Yes, chopping up a long reflector is the way to save money on them. Just make sure the company you are ordering from publishes the actual length of the reflector so you short change them and not the other way around.

The ballast - cheapest and really good for T5HO - Workhorse 3 or 5.

Where to get - reefgeek.com

Bulbs that can grow plants in a 2 ft. deep tank using only 48 watts of electricity - Giesemann Midday T5HO. Everything other bulb is laughable at the same wattage and tank depth. Look at the different pictures in this thread. One of his two 24 watt Giesemann Midday bulbs didn't even have a reflector!
http://www.aquaticplantcentral.com/...tic-plant-club/55198-starting-up-today-9.html

Your questions are easy.
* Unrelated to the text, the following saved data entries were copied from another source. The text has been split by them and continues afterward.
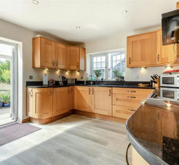 Kitchen / Dining / Family Room - 6.25m x 5.94m max (l shaped) (20'6 x 19'6 max (l s - Single drainer sink unit with mixer tap, cupboard under, range of base and wall mounted units, integrated dishwasher, fridge, cooking range with hot plates and ovens below, cooker hood above, granite worktops, two double radiators, spotlighting, side aspect window, fully glazed French doors through to the rear gardens and land with a lovely outlook.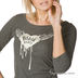 Стильная трикотажная футболка с круглым вырезом горловины и рукавами 3/4. На груди оригинальный принт, украшенный декоративными элементами.
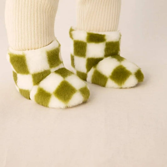 Yeşil Beyaz Kareli Peluş Bot | Çocuklar için Ev Botu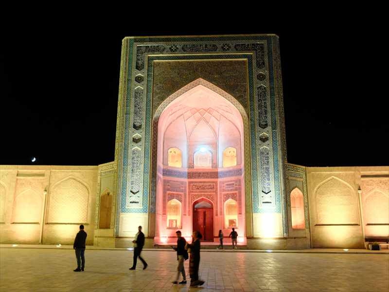 このモスクも、カラーン・ミナレットやお向かいのミル・アラブ・メドレセ同様に夜にはライトアップされます。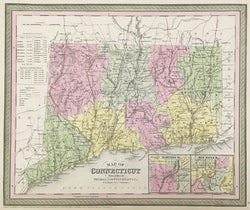 A strong and beautifully crafted map of Connecticut from the mid-nineteenth century, published by Thomas, Cowperthwait & Co.. This firm took over the publication of S. Augustus Mitchell's important Universal Atlas in 1850, and they continued to produce up-dated maps that were amongst the best issued in the period. The map is filled with myriad topographical details, including rivers, towns, lakes and political borders. The Thomas, Cowperthwait & Co. maps are especially known for their depiction of the transportation routes of the states, and this map is no exception. The transportation infrastructure was extremely important at this period of increased immigration and travel. This information is clearly depicted here, including rail lines, steamboat routes, canals and roads. Two inset maps are included, of Hartford and New Haven.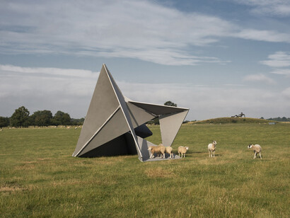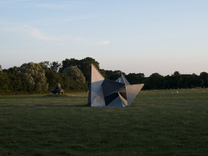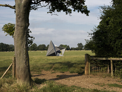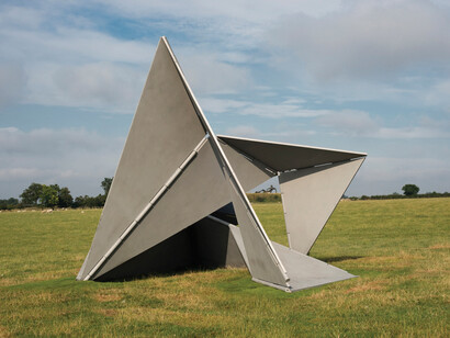 Impossible in her own lifetime, The Lygia Clark Estate in partnership with Alison Jacques Gallery, London was able to realize the first Fantastic Architecture sculpture in 2013. A year long process of working alongside Price & Myers and MTEC, both of who have been involved in large scale outdoor work by major British sculptors such as Richard Wilson and Anish Kapoor. The resulting Lygia Clark steel sculpture weighs around fifteen tons when installed, with hinges that allow for numerous configurations. Fantastic Architecture 1 is a living sculpture that evolves and changes depending on where the work is installed and who is installing it. At the Henry Moore Foundation in Perry Green, it provides a shelter for nearby sheep and resembles a huge creature in the landscape with seminal works by Moore including Large Reclining Figure (1984) and Sheep Place (1971-72), and Richard Deacon’s Associate (2014) in view nearby.
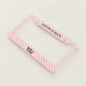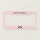 The license plate frame has a pink and white checkerboard pattern. You can personalize the text with your monogram and message.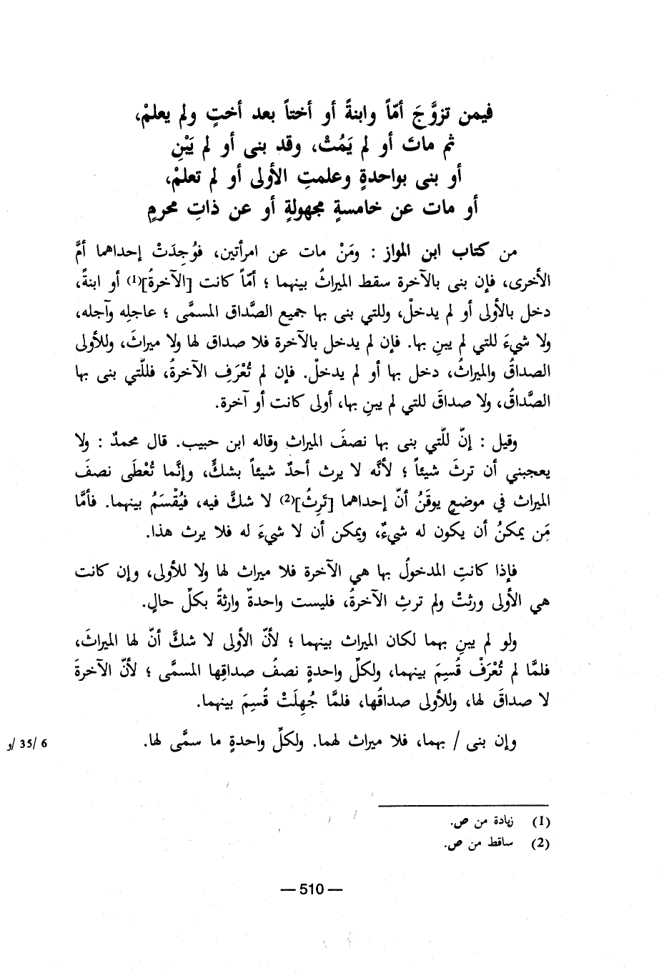 من كتاب ابن المواز: ومن مات عن امرأتين، فوجدت إحداهما أم الأخرى، فإن بنى بالآخرة سقط الميراث بينهما؛ أما كانت الآخرة أو ابنة، دخل بالولى أو لم يدخل، وللتى بنى بها جميع الصداق المسمى؛ عاجله وآجله، ولا شىء للتى لم يبن بها. فإن لم يدخل بالآخرة فلا صداق لها ولا ميراث، وللأولى الصداق والميراث، دخل بها أو لم يدخل. فإن لم تعرف الآخرة، فللتى بنى بها الصداق، ولا صداق للتىلم يبن بها، اولى كانت أو آخرة.

Come up with harder ones! 

--Nikolay


----------



## freydo (Jan 7, 2006)

for DIY you can with Ice Cap ballasts. they are good quality but pretty pricey. you can also go with Fulham Workhorse ballasts, good quality as well, but cheaper than the ice caps.

i would suggest the fulham ballasts. you can check out their estimator:

http://www.fulham.com/

just select your lamp type, number of lamps, and voltage. you'll then get a ballast recommendation and wiring diagrams.


----------



## m-jackson (Dec 23, 2008)

Yea I am using the Giesemann Midday now for at least one bulb per fixture(they are the double nova ones) I had been looking at the workhorse 8 as a possible way of having up to 6 t5s. I have written Fulham and asked some questions based on comparing the wiring diagrams to go to 4 or 5 or 6 they just drop a connection. I wanted to know if I could run just two or three part of the day and cut in the others when I wanted to. I can take care of the methods to do this but I want to know the effect on their ballast. I have yet to receive any replies excepted the auto reply saying they got my email. As I said except for the price I love a deep aquarium(it keep the armpits clean  ) It really does allow some plants to really look better plus it allow a better top mid and bottom look.


----------



## m-jackson (Dec 23, 2008)

Niko
I see you are in the Texas area. Is there a schedule for the club meeting down there? I am in St Louis and go to MASI(ours are on Thursday with a auction(4 times a year) on the weekend) here but Texas is not that far and might be a nice get away. If my wife and I did of course I would like to swing thru one of the club meetings. duh I am hijacking my own thread.


----------